BBVI: Do you see that commitment to what you’re describing?

JSA: Yes, I see it. I see it as an effort on the part of all concerned. I also see it as an imperative because circumstances will drive us to do it.

BBVI: When you look at economic growth, what do you see as the most important areas for future economic growth?

JSA: I do professional business, and businessmen are my clients: International and Caribbean and Virgin Island businessmen. So every day I deal in business. Business in the Virgin Islands has become a matter of life and progress, and for a few, fun. Truly, to see young persons venturing out in competition with their contemporaries in this country and elsewhere with a smile on their faces and a glint in their eyes and with hope, that’s a remarkable thing.
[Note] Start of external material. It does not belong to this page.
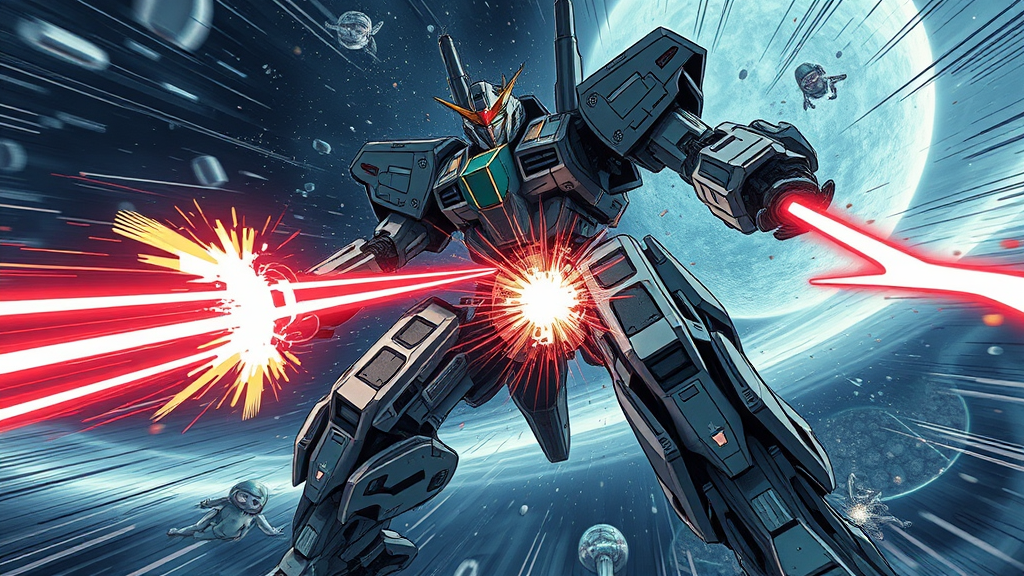 Giant mech in the vastness of space, wielding energy swords, inspired by Tsutomu Nihei's distinct style, reminiscent of Sidonia no Kishi. Emphasizing anime elements, showcasing extreme gigantism, set in a futuristic environment. High-intensity sci-fi scene, capturing motion and combat, with hyper-detailed visuals. Laser bursts illuminate the void, surrounded by swirling energy clots. Depicts swift acceleration and intense light flashes, conveying immense speed. Rendered in a detailed, manga-inspired drawing style, offering a first-person perspective in stunning 8K and HD super-resolution.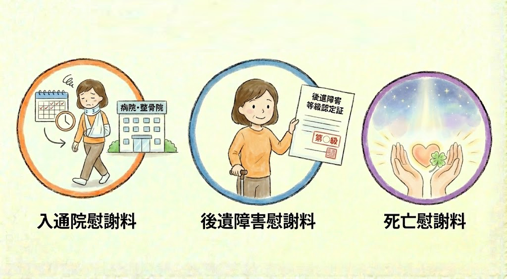 交通事故の慰謝料は、主に以下の3つになります。

You don’t have the pessimism and the fear that exist in many places. It’s not a question of over-confidence. It is a question of realistic confidence. If you act properly and venture forth, you’re going to succeed. What is useful in the Virgin Islands is that it is now a cosmopolitan country. The BVI has made use of foreign skills, foreign expertise, and foreign cultures.
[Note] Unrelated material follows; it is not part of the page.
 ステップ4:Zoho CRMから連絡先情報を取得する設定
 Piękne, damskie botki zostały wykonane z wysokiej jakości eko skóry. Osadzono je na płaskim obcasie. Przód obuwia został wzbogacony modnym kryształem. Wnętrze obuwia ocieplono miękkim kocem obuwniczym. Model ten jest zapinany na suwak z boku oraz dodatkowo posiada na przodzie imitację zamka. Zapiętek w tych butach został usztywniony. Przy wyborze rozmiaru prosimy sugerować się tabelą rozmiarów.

Take a simple matter of hotels. Local people on their own lands are developing their own hotels. Guest houses are a vital part of the economy. Take marinas. Local people are constructing their own marinas. And they have made use of the opportunities afforded to them by investors from abroad who imported know-how, and money, and skills.

BBVI: It seems that in the Virgin Islands people aren’t afraid of the expertise of people from outside, and that might be one of the other reasons for its success.

JSA: When you are economically positive in thinking, you’re not afraid of another man’s colour, his money, his race, his religion, or his ideas. You don’t feel any inhibition about it. You don’t believe a foreigner is coming to take away what you have. You’re glad for him to bring his skills and his expertise. You’re glad for the competition and the mix. And this is the genius of the Virgin Islands. It invites, it mixes, and it is prepared to compete.

Even in the legal profession, where I don’t think all the lawyers share my view, we should have no fear of any competition whatsoever. Let the best lawyers come in, even for limited practice. Our young lawyers will grow and be strong like them, internationally too. You can’t in a world of growth and competition shy away from the best. No. And we have proved it here in the Virgin Islands. You must encourage young people to grow in the realms of law, medicine, accountancy, surveying, banking, as architects and so on, and compete with the best in the world. It will be, I think, a loss to prevent that kind of competition on native soil. They’re not taking away a thing the BVI has because the BVI now has an opportunity to learn from them, to emulate them, to compete with them, to surpass them, and to replace them. The aim of the BVI professional must be to be at least the equal of the best in the world, for the benefit of the future status of the BVI in an economic world.

In the legal world we’ve grown because we’ve invited some of the best lawyers in the world to work here, compete here, live here. And that’s going to be good for our young lawyers. Five to ten years from now, our young lawyers won’t regret it.

That was the greatness of the young United States of America, of allowing the best to come in. You can’t grow by being sheltered. You’ve got to have the cold wind blow on you, and shiver and recover. You’ve got to learn to win and to lose. Some people don’t like to lose, but it is when you lose that you grow.
Of course there is a bottom line: that whatever happens the Virgin Islands people should ensure that constitutionally they will remain the future law-makers to guarantee the continuity of happy economic success in “this little nation” among the nations of the world.